● **Activity**:
Repetition must be exact and must stop with the line bearing "エントランスは明るい白を基調". It begins at the first line of the records and includes no pictures.

(Data provided)

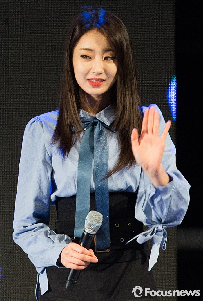 (서울=포커스뉴스) 11일 오후 서울 광진구 세종대학교에서 열린 '2016 세종대학교 축제'에서 걸그룹 나인뮤지스 멤버 경리가 인사하고 있다.
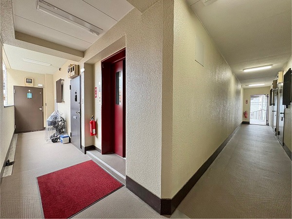 エントランスは明るい白を基調にまとめられ、足元のレッドカーペットが印象的。華やかさと実用性を兼ね備えた空間で、雨の日も快適に出入りができます。シンプルながらも品のあるデザインが魅力的。
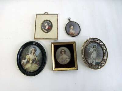 Painted in various medias; comprising a portrait of Lady Hamilton after George Romney; a woman, in a silver frame; portrait of a woman in 18th century dress after A. Plimer and two other portraits; framed. (5).
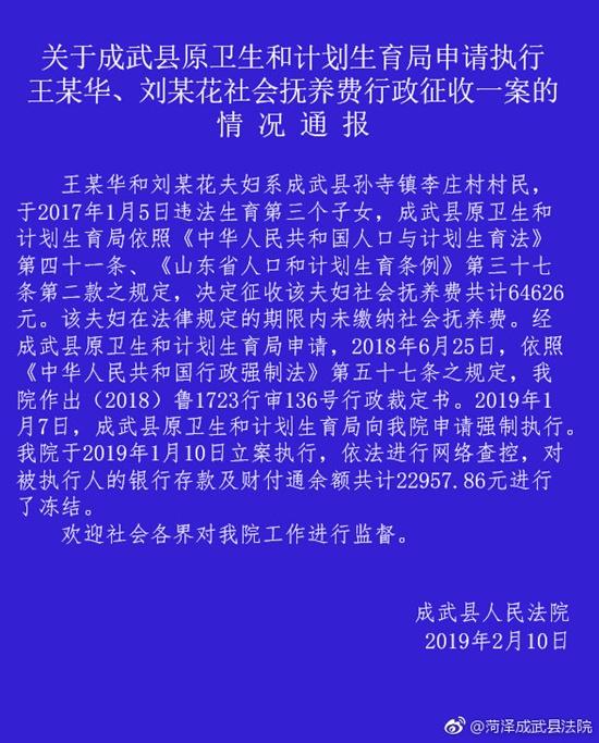 日前,山東省成武縣法院發(fā)布了一則情況通報。通報指出,該縣農(nóng)民王某華和劉某花夫婦違法生育第三個子女,成武縣原衛(wèi)計局依法決定征收該夫婦社會撫養(yǎng)費共計64626元。由于該夫婦在法定期限內(nèi)未繳納社會撫養(yǎng)費,成武縣原衛(wèi)計局申請強制執(zhí)行,縣法院于今年1月10日立案執(zhí)行,對被執(zhí)行人的銀行存款及財付通余額共計22957. 86元進行了凍結(jié)。
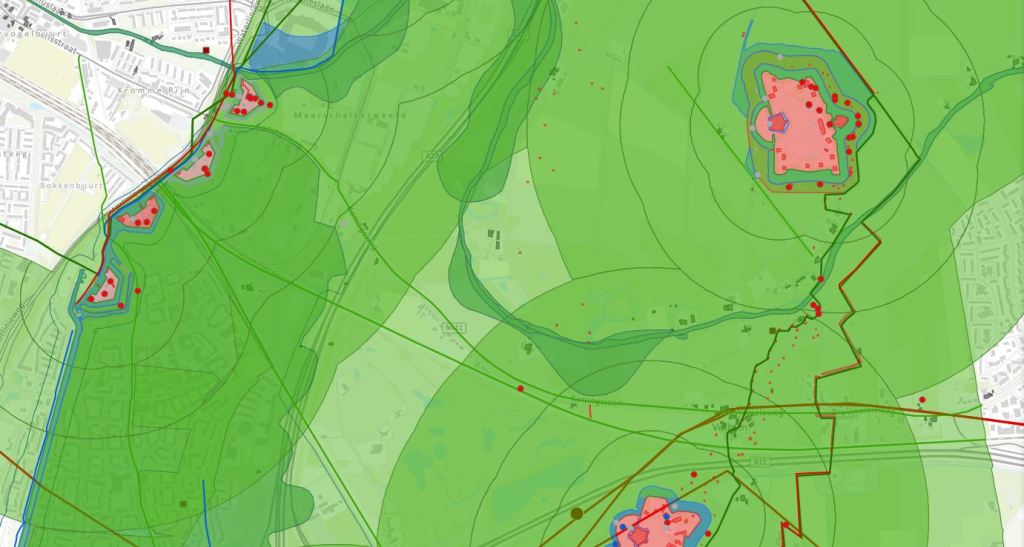 We zien het Houtensepad en de Oude Liesbosweg als enige wegen. de Koppeldijk is nog naamloos. Rond de forten staan cirkels die het schootsveld van de kanonnen aangeven – daar moest het leeg en vlak blijven om goed te kunnen mikken. Een deel van de Houtensche weg, nu de Waterlinieweg, was een militaire weg die bovenlangs de Utrechtse lunetten liep. Aan de andere kant van het schootsveld volgt de huidige Rijksweg A12 grofweg de Limes, de verdedigingslinie die de Romeinen achttien eeuwen eerder hadden aangelegd.
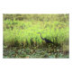Fotografía de una Gran Garza Azul caminando por un estanque. La superficie del estanque está cubierta de nenúfares. El estanque está rodeado de tallos de plantas verdes, que bordean un prado. Fotografía Copyright ©2021 Kimberly J Tilley.
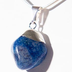 NOME DA PEDRA: Agata Azul COR DA PEDRA: Azul (Foto Ilustrativa) CORTE DA PEDRA: Rolado e polido CLARIDADE DA PEDRA: Translucido MEDIDA DA PEDRA: 15 a 20 Milimetros Aproximadamente (Varia de Acordo com Estoque) CASTOAÇÃO: Envolto com presilha prateado PESO TOTAL DA JOIA: 5 gramas aproximadamente (Varia de Acordo com Estoque)
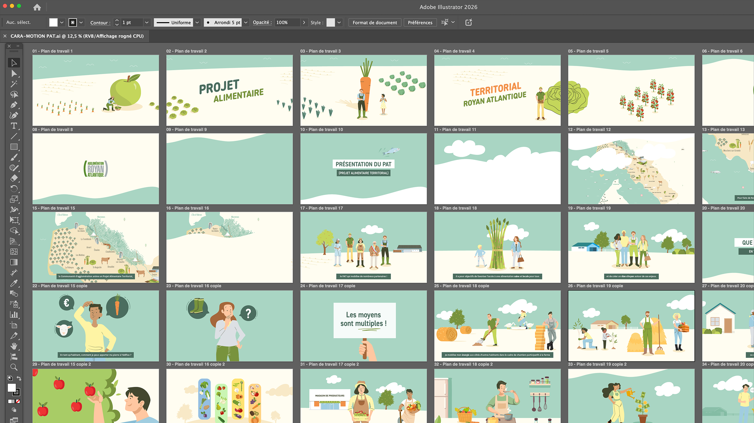 J’ai assuré la direction artistique du projet en collaboration étroite avec l’équipe communication de la collectivité, depuis l’analyse du brief jusqu’à la conception du storyboard et la réalisation des styleframes. Le travail a porté sur la construction d’un univers graphique illustré, chaleureux et lisible, en cohérence avec l’identité institutionnelle de la Communauté d’Agglomération et adapté à une diffusion grand public, à partir d’illustrations existantes (client et banques d’images) retravaillées et adaptées au projet.

(End Data provided)

● **Result**:
 (서울=포커스뉴스) 11일 오후 서울 광진구 세종대학교에서 열린 '2016 세종대학교 축제'에서 걸그룹 나인뮤지스 멤버 경리가 인사하고 있다.
 エントランスは明るい白を基調にまとめられ、足元のレッドカーペットが印象的。華やかさと実用性を兼ね備えた空間で、雨の日も快適に出入りができます。シンプルながらも品のあるデザインが魅力的。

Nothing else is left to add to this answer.